Furthermore, Ridley-Thomas had opposed the Charter amendment giving the council more authority over the commissions.

But the veteran Ferraro saw another side of Ridley-Thomas--someone who, in the legislative tradition, will go along and get along. And Ridley-Thomas said he wants power over the Police Commission in case he disagrees with it.

A few days after the commission’s setback, I talked to Ray Fisher, a calm man who measures his words carefully in the manner typical of lawyers who work in downtown high-rises. He accepted the committee decision but noted that bigger decisions await the council. The Christopher Commission recommended, for example, that the mayor appoint the new police chief, with council approval. At present, the Police Commission appoints the chief.

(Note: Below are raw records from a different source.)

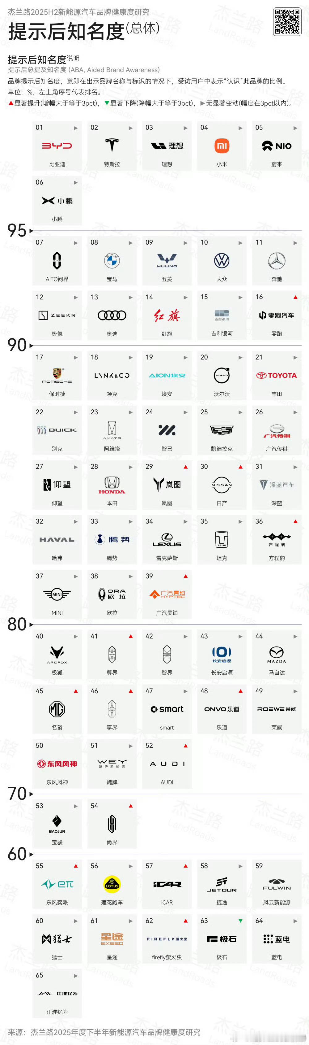 这张图还挺有意思的用户对新能源车品牌的认可度排名第一梯队比亚迪、特斯拉、蔚小理米这个在国内是公认的了,没毛病但第一梯队没有华为系我有点意外,第二梯队里才出现问界,这是没想到的。零跑真是闷声发大财,战略很了不得,而且认知度还在上升,别人都没动BBA、大众、吉利、红旗、五菱,这是国内消费者最喜欢的几个传统品牌,所以他们从来不会是杂牌第三梯队里哈弗、坦克、方程豹、仰望、腾势、智己这些品牌才出现,岚图、日产最近势头猛,再加上传统品牌的优势,势头很猛再往后的,其实宏观角度也都不错,维持着没问题,但谁都想过得好一点没错,这就需要一些特定的技能了,想想怎么出圈、造有特点的车,奕派、iCAR、萤火虫都有特点,大家接受度就慢慢变高,同质化严重的也就没啥意思了用户买车看这张图挺有参考性的,靠前的买肯定没错,红箭头势头向上的买也可以,可能还有惊喜
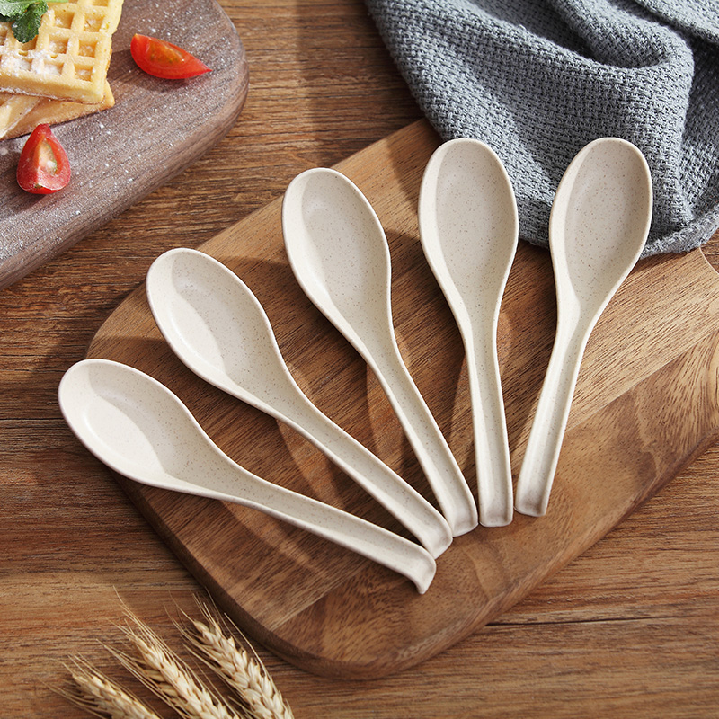 Wheat straw long handle spoon home portable meal drink soup large spoon cute commercial spice spoon 10 sticks set
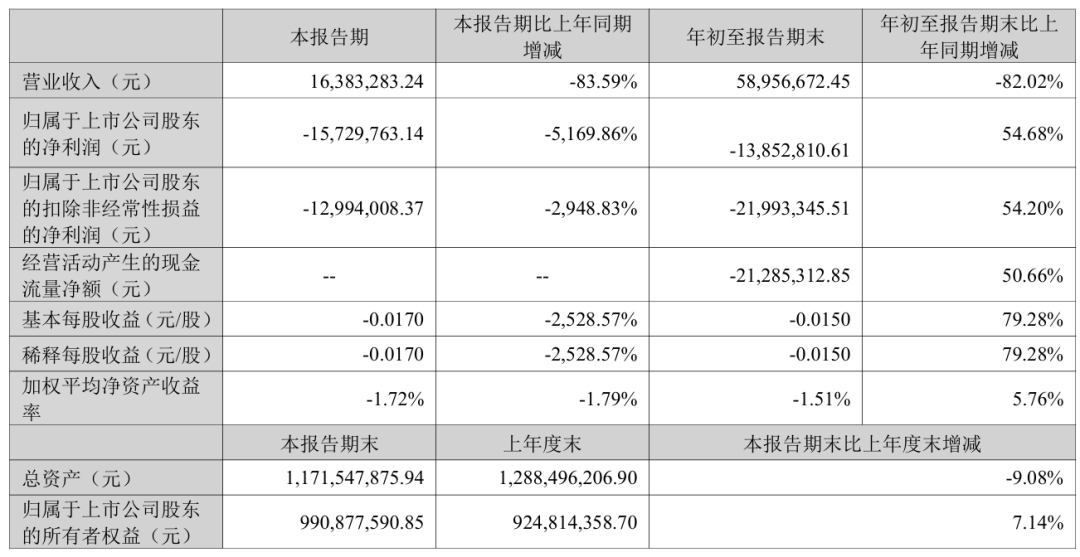 其中,公司第三季度营业收入为1638.33万元,同比下降83.59%;归母净利润为-1572.98万元,同比大降5169.86%。
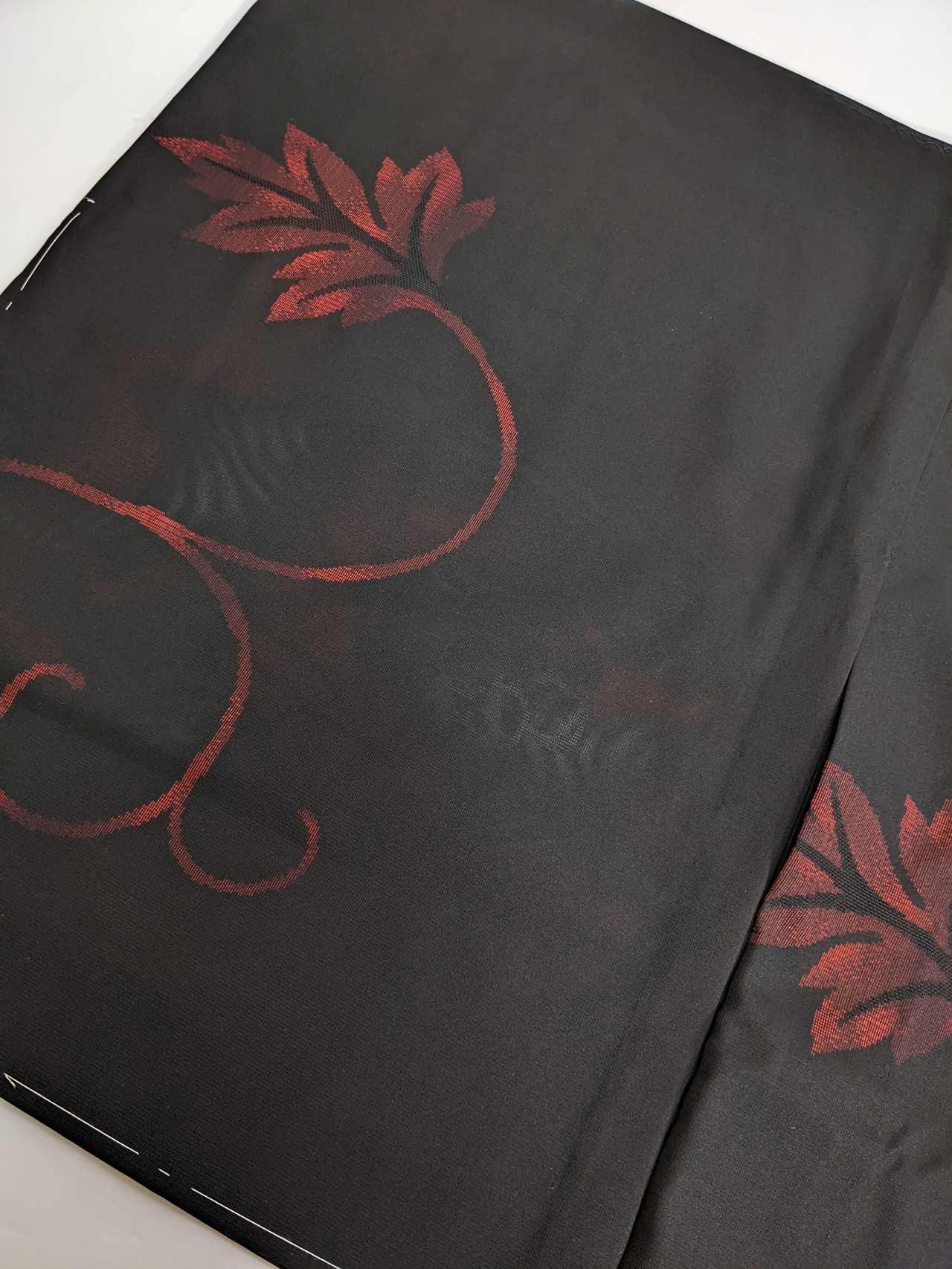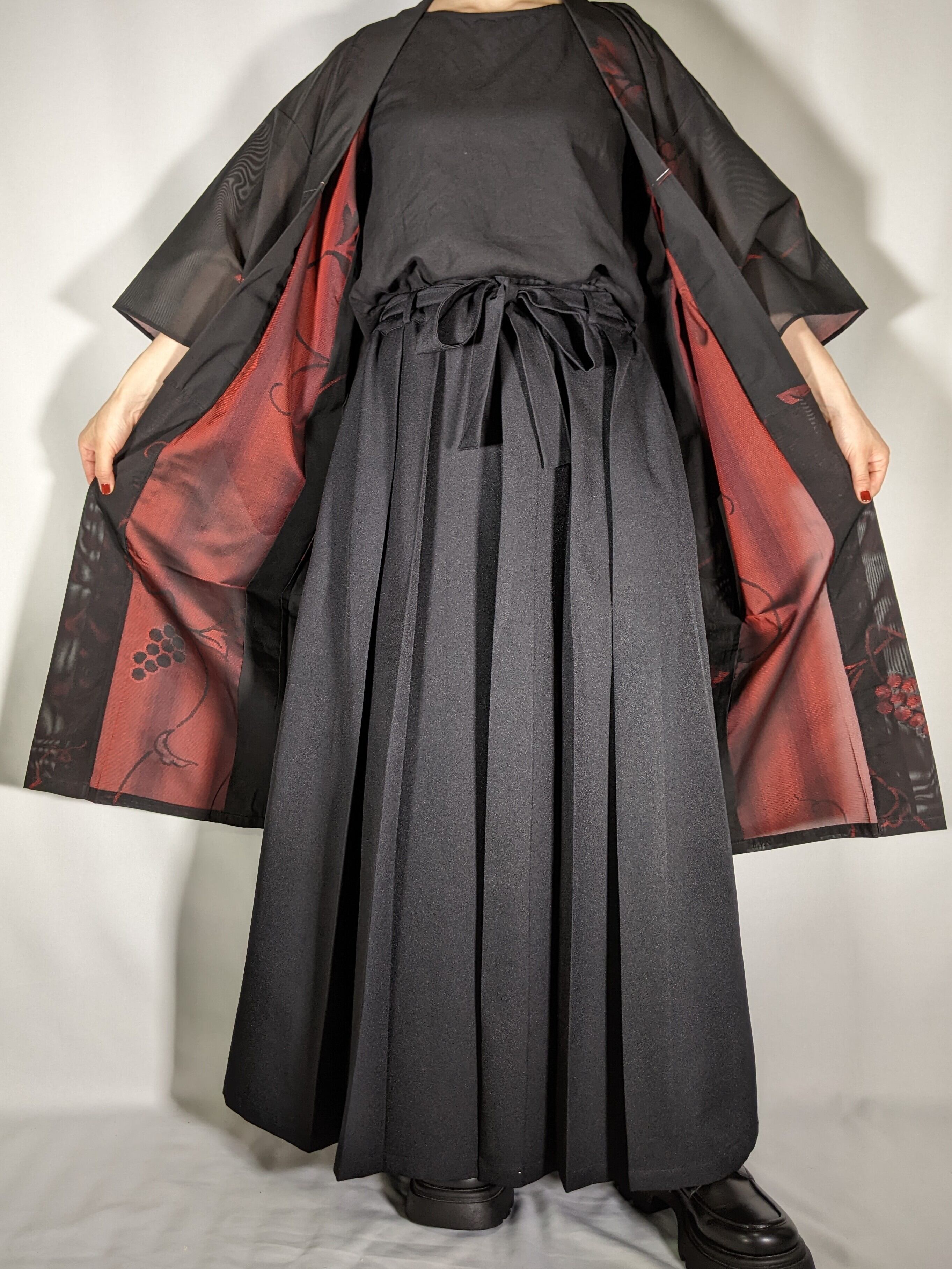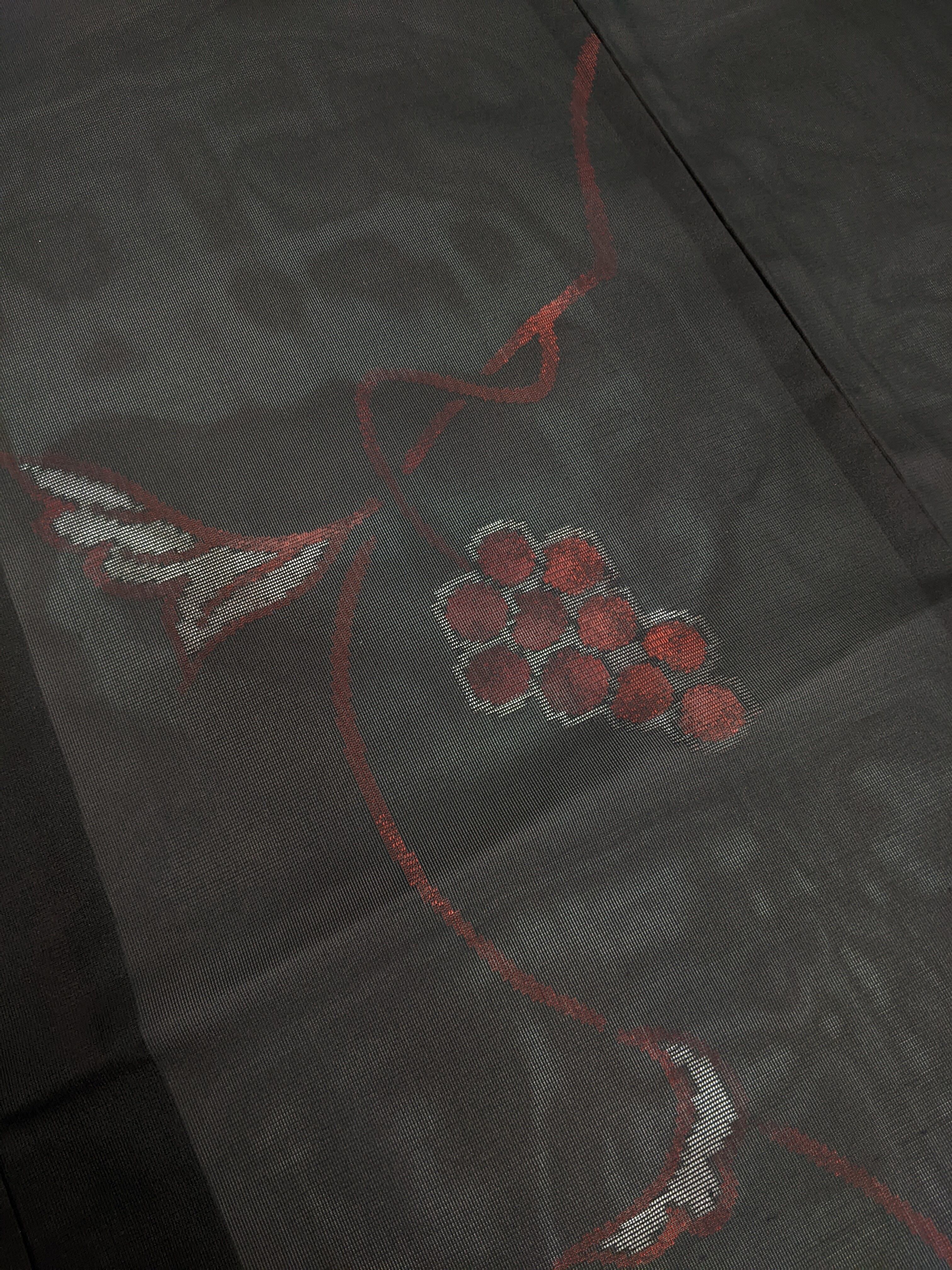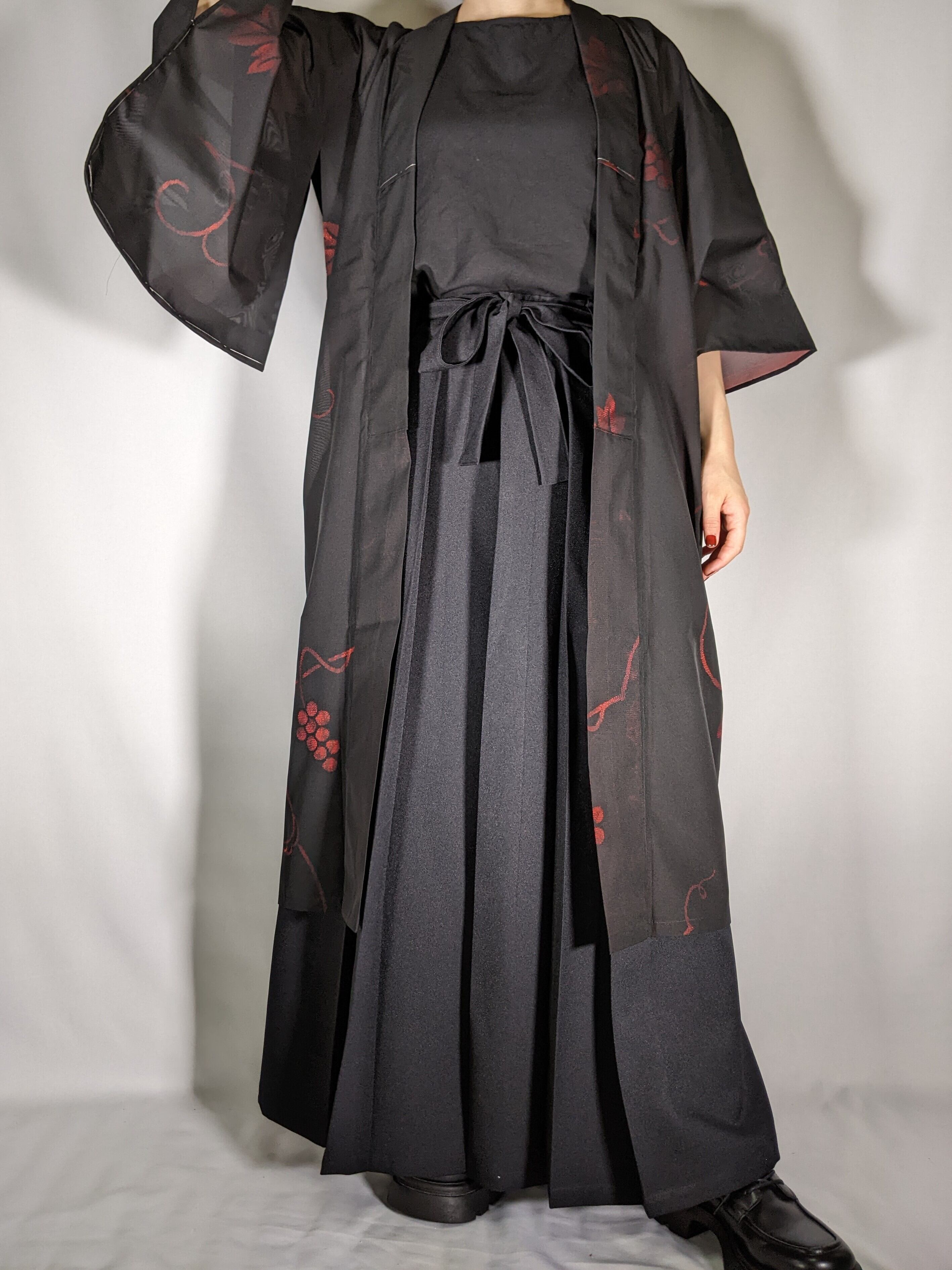 【14128】 着物リメイク 夏物着物 透け感 黒 裏地赤 葡萄模様 ロングコート kimono tomesode remake long coat black

That would give the mayor a dominant role in picking the chief, the same as the president’s when he appoints cabinet members and Supreme Court justices. The commission said the mayor “is expected to lead the city as a whole and is accountable for doing so.”

Fisher said this suggestion is at the very heart of the Christopher Commission recommendations. But as he learned last week in dealing with the City Council, this isn’t a body willing to part with any of its power.